El
Ministerio de Economía y Finanzas (MEF) y la Superintendencia de Banca y
Seguros (SBS), conjuntamente con el Ministerio de Educación (MED),deben
impulsar esta tarea, si bien están en los inicios, no se muestra la
contundencia, frente a los otros países de la región. Otro aspecto es que la inclusión
financiera apenas llega débilmente al 20% de la población de Perú que está
inserta en el sistema financiero es decir que su dinero está en un banco o
cooperativa, con una adecuada educación financiera tiende a aumentar dicho
porcentaje, en el momento solo se tiene charlas en algunos colegios y capacitación
que incluye a algunos docentes de secundaria cuyo impacto y efecto
multiplicador es mínimo.
Tenemos que ser conscientes que es necesaria la educación financiera, en un país como el nuestro que se vienen cometiendo tantos abusos aprovechando precisamente la falta de cultura de la población, con una educación de preferencias, y subordinada.

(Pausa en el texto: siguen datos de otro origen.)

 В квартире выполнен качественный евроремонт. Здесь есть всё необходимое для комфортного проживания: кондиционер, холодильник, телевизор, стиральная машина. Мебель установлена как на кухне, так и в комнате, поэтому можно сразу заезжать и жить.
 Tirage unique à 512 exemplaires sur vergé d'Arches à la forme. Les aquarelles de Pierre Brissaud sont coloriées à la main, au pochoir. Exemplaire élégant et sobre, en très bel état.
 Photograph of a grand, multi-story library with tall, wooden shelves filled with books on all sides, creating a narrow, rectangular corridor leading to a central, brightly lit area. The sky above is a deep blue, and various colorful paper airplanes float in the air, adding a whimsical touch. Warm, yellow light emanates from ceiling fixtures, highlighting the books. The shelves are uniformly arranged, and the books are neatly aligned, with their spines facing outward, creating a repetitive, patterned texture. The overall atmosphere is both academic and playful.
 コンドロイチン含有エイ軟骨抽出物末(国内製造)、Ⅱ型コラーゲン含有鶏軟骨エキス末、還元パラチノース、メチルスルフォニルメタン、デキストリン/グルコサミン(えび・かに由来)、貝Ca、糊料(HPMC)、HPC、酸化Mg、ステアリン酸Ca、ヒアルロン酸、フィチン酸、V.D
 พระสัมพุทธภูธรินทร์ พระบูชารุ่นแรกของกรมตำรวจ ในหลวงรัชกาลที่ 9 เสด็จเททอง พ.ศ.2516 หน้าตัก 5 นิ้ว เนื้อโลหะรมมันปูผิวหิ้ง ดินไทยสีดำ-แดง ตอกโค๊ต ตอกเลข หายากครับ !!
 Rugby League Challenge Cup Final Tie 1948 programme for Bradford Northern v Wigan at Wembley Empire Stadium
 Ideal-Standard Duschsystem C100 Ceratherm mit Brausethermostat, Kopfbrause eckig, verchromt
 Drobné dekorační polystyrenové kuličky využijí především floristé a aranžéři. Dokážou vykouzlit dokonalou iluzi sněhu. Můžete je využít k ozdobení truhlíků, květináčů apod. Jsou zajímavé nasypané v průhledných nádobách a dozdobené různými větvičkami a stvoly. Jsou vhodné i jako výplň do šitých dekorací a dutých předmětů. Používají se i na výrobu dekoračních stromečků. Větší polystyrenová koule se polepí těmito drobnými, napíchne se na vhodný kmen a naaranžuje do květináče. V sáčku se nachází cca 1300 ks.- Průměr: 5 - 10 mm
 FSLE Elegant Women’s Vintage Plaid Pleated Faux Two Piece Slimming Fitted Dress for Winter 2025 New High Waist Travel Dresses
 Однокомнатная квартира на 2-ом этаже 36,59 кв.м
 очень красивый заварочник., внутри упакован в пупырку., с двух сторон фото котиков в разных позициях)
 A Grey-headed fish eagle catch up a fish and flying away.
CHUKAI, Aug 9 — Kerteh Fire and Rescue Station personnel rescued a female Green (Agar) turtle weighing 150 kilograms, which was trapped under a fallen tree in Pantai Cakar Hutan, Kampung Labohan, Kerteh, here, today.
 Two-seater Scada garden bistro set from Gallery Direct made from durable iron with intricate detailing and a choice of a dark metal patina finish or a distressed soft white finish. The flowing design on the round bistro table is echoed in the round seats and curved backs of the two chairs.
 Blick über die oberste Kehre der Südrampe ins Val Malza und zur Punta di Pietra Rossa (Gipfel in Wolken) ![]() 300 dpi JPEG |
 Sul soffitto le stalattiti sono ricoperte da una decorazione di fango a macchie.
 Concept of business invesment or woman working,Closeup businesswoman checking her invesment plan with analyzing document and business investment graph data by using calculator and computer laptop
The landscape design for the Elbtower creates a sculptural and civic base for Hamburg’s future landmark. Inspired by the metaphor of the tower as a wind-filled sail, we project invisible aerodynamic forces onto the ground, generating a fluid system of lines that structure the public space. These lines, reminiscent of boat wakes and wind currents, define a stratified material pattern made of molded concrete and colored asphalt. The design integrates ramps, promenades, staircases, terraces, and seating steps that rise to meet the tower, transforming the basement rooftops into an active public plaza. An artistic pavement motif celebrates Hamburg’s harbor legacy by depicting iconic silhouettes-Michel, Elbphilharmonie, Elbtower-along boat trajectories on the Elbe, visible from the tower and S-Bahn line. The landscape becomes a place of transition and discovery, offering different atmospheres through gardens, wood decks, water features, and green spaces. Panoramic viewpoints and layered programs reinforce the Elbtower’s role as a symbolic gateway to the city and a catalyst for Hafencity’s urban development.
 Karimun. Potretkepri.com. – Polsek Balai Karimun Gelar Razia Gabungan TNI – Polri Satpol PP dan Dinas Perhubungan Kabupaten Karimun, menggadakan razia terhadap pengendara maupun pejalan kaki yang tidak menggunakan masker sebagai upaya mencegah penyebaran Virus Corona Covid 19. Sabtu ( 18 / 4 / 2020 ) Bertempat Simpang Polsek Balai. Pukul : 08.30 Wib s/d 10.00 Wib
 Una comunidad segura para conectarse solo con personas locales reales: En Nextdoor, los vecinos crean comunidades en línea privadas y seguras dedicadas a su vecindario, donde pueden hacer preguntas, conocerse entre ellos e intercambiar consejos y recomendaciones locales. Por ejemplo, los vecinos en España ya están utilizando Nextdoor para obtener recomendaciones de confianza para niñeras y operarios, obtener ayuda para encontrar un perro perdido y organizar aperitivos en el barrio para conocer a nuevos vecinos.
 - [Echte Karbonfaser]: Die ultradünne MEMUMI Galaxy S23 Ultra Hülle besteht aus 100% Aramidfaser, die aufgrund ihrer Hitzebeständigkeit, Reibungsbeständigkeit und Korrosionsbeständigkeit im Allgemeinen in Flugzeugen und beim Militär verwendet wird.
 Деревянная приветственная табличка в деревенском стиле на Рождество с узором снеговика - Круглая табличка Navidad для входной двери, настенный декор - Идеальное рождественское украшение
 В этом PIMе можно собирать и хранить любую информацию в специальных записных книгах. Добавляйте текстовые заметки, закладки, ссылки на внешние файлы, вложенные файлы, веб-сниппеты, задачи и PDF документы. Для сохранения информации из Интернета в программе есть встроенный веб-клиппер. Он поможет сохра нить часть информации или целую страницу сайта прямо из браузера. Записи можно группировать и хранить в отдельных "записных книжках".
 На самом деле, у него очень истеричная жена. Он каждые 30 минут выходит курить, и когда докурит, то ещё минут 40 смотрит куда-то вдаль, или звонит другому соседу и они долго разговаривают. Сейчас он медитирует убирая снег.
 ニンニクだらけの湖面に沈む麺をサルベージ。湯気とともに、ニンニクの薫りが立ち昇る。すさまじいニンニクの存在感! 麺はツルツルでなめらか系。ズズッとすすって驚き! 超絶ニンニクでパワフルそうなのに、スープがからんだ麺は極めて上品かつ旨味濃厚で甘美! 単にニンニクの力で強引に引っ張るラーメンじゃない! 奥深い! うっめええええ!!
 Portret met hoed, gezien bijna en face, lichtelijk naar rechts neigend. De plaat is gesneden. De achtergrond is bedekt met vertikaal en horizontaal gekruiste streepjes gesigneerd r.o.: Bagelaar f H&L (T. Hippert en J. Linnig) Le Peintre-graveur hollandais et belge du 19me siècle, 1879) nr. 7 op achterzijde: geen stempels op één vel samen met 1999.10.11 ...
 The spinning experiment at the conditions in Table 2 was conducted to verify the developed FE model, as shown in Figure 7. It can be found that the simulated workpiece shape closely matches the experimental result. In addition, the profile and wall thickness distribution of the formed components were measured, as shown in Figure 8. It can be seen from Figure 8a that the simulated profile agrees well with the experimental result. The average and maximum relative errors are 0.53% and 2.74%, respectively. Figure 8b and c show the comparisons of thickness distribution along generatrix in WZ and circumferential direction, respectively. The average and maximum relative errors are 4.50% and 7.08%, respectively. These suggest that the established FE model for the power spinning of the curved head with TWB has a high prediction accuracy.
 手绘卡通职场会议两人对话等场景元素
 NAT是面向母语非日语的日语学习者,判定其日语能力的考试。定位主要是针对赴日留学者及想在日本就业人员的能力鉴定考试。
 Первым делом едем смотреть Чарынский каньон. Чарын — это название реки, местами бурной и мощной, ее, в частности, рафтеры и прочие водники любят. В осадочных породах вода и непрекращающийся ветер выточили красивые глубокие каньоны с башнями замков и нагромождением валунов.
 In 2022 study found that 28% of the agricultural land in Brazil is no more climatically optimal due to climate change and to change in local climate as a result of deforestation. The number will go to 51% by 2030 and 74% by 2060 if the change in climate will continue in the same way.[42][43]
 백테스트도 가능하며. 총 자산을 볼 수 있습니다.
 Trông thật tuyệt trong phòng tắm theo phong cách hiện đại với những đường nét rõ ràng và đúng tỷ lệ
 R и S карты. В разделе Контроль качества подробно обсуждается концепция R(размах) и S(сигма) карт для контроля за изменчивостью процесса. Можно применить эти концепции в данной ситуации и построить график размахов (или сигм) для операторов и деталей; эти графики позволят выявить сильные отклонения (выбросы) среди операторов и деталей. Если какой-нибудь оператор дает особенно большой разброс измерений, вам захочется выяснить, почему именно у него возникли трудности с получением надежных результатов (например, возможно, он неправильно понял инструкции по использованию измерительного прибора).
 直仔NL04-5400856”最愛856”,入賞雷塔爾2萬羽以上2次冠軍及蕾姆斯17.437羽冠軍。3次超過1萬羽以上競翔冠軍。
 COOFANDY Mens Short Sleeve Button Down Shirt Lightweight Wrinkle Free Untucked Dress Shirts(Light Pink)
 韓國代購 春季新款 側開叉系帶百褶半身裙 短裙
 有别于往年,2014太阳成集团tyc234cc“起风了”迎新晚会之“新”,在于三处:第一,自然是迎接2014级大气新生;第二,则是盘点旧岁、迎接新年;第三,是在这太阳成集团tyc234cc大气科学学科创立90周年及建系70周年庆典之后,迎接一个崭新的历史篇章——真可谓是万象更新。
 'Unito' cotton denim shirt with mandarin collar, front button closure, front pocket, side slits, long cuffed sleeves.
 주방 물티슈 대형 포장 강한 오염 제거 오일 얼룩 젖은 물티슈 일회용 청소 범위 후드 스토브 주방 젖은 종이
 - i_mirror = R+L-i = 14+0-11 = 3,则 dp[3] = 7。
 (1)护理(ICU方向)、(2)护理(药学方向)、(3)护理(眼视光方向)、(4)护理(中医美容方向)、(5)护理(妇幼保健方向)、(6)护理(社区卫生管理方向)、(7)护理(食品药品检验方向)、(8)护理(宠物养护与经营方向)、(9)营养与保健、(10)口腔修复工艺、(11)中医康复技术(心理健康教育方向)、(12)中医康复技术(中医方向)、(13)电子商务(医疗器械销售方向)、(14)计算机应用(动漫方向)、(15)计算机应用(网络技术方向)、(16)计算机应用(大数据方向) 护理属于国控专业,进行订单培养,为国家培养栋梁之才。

Muchas situaciones que en ocasiones han provocado situaciones realmente dramáticas, se habrían evitado si los ciudadanos contaran con una base suficiente para entender la producción y su funcionamiento, sus riesgos, lo comercial, del sistema financiero, la publicidad engañosa, las hipotecas., entre otros.
Es sumamente
necesario enseñar a los niños y a los jóvenes a manejar conceptos que van a
serles imprescindibles en su vida, es urgente impartir conocimientos en economía
financiera en los colegios y los institutos sin caer en el adoctrinamiento, sino
canalizar conocimientos para las futuras generaciones y puedan manejarse en el mundo en que vivimos.
En la
medida que haya más acceso a la información y que la gente conozca mejor sus
derechos, podrán hacer mayor y mejor uso del sistema financiero exigiendo un
buen servicio y una adecuada educación financiera está
relacionado a los usuarios del sistema
financiero desarrollen competencias para ser más conscientes de los riesgos y
oportunidades, para tomar decisiones mejor informadas; tener a la mano
información de sus derechos y obligaciones como usuarios del sistema
financiero, conocer instancias de ayuda, por ende mejorar su bienestar
financiero.
Un programa de educación financiera podría visualizarse como una
herramienta para promover el crecimiento, confianza y estabilidad económica y
los objetivos deben apuntar a ser una asignatura curricular obligada de
continua actualización con énfasis en secundaria
y las entidades financieras y/o empresas se vean comprometidas en el desarrollo
financiero de sus colaboradores.
Finalmente, los diálogos como parte de la comunicación
familiar, sobre temas económicos, debe fortalecer la adolescencia y jóvenes para
convertirse en el motor familiar de la economía y se demande y se cumpla con
generar educación financiera en todo el aparato educativo en nuestro país que
tenga acceso no solo a la educación financiera sino a una cultura empresarial y
protección al usuario que permita lograr el fomento del ahorro e inversión, a
través del conocimiento general de servicios financieros y el manejo del
dinero, logrando con esto un crecimiento cultural y económico en forma masiva,
conozcan cómo funciona el mercado financiero y sus alternativas en determinado
escenario, basado en el modelo de competencias cimentando los valores de disciplina,
ética y responsabilidad.
FULGENCIO QUISPE
APAZA.- Educador Especialista en Ciencias Histórica Sociales y Filosofía.